Alaska requires SR-22 filing for 5 years following DUI conviction. The filing period begins when your insurer submits the SR-22, not when your suspension ends or your limited license is issued. If your SR-22 lapses at any point during the 5-year period—because you miss a premium payment or your insurer cancels your policy—Alaska DMV receives automatic electronic notification and suspends your driving privileges immediately, even if you have already completed your original suspension and reinstated your full license.

SR-22 coverage typically costs $400 to $800 more per year than standard auto insurance for drivers with DUI convictions. Non-owner SR-22 policies cost less—$300 to $600 annually—and cover you when driving borrowed or rental vehicles, but do not cover a vehicle you own or regularly use. If you do not own a vehicle and only need coverage to meet the SR-22 filing requirement while holding a limited license, non-owner SR-22 is the cheaper path.

Complete Cost Stack for Alaska Limited License

The full cost of obtaining and maintaining an Alaska limited license during suspension includes the IID installation fee of $150 to $300, monthly IID monitoring at $60 to $100 for the duration of your limited license period, SR-22 insurance premium increase of $400 to $800 per year, and the $100 reinstatement fee when your suspension ends. Court filing fees for the limited license petition vary by district and were not confirmed from a canonical Alaska court source—contact the clerk's office in the court that handled your case for current petition fees.

These costs stack on top of any DUI fines, required alcohol education program fees, and probation costs imposed by your criminal case. Budget for the combined expense before filing your petition—you cannot install the IID or file SR-22 coverage without upfront payment, and the court will not approve your limited license until both are in place.

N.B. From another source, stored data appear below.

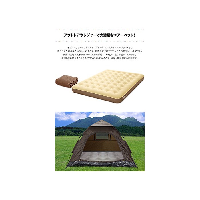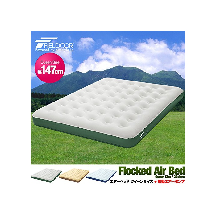원본상품명: FIELDOOR エアベッド クイ?ンサイズ &バッテリ?式電動エア?ポンプセット (約)幅147cm×?行き198cm×厚さ23cm グレ?×グリ?ン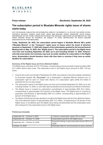 Today, September 29, 2025, the subscription period begins in Bluelake Mineral AB:s (publ) ("Bluelake Mineral" or the "Company") rights issue of shares which the board of directors resolved on September 17, 2025 with support of the authorization granted by the Annual General Meeting held on May 15, 2025, (the "Rights Issue"). The subscription period in the Rights Issue runs from and including September 29, 2025, up to and including October 13, 2025. However, note that some banks and nominees may have an earlier deadline for subscription in the Rights Issue. Shareholders should therefore check with their bank or nominee if they have an earlier deadline for subscription.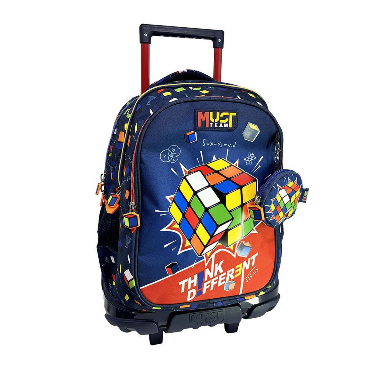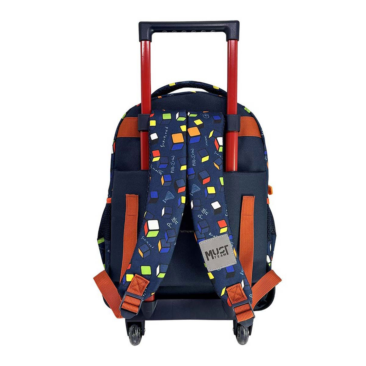 Σχολική τσάντα δημοτικού σε μπλε χρώμα με πολύχρωμες λεπτομέρειες και σχέδιο κύβος του Ρούμπικ από την εταιρεία Must που συνδυάζει σακίδιο πλάτης και τρόλεϊ μαζί. Με 3 θήκες για βιβλία, τετράδια, κασετίνα και όλα τα απαραίτητα είδη γραφής για το σχολείο. Ιδανική για την καθημερινή ασφαλή, άνετη και εύκολη μεταφορά όλων των απαραίτητων σχολικών ειδών.
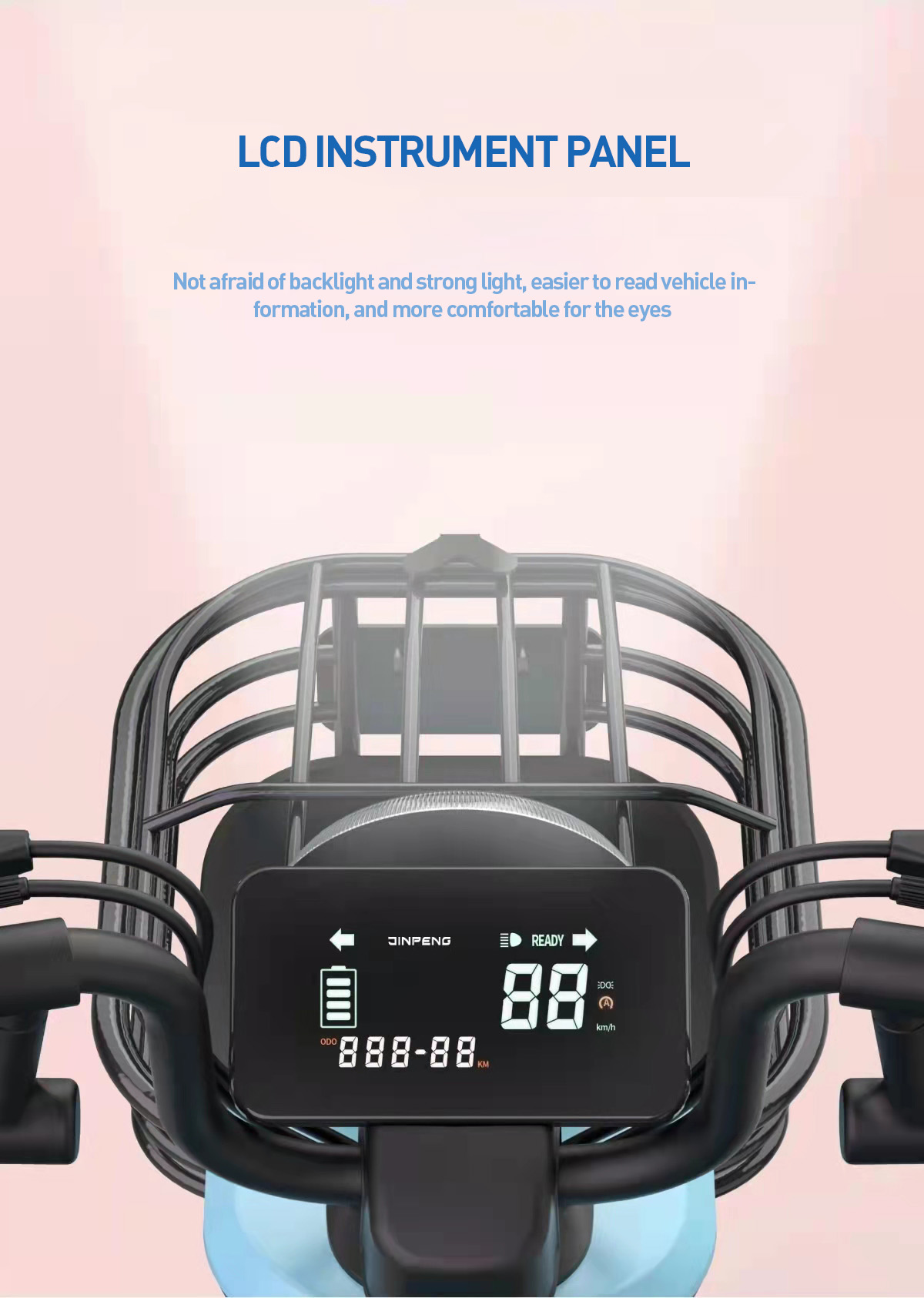 The Jinpeng N8 electric leisure tricycle is designed to provide an exceptional riding experience. combining advanced technology with comfort and safety. Whether for daily commuting. shopping. or family outings. the N8 meets all your needs.

File Your Petition After the Hard Suspension Ends

Alaska's 90-day mandatory hard suspension for first-offense DUI begins on your conviction date. You cannot petition for a limited license until that 90-day period expires. Count the days carefully—filing before the hard period ends wastes petition fees and hearing time because the court cannot legally grant relief during the mandatory window. Subsequent DUI offenses carry longer hard periods with no limited license access; verify your specific mandatory period based on your conviction tier before filing.

Once the hard period ends, gather your documentation, contact an SR-22 insurer to initiate coverage and filing, schedule IID installation if a vendor serves your area, and file your petition with the court. If approved, your limited license allows you to drive for the court-specified purposes and hours until your full suspension period ends. At that point, pay the $100 reinstatement fee, verify your SR-22 filing remains active, and apply to Alaska DMV to reinstate your unrestricted license. Your SR-22 filing obligation continues for 5 years regardless of reinstatement.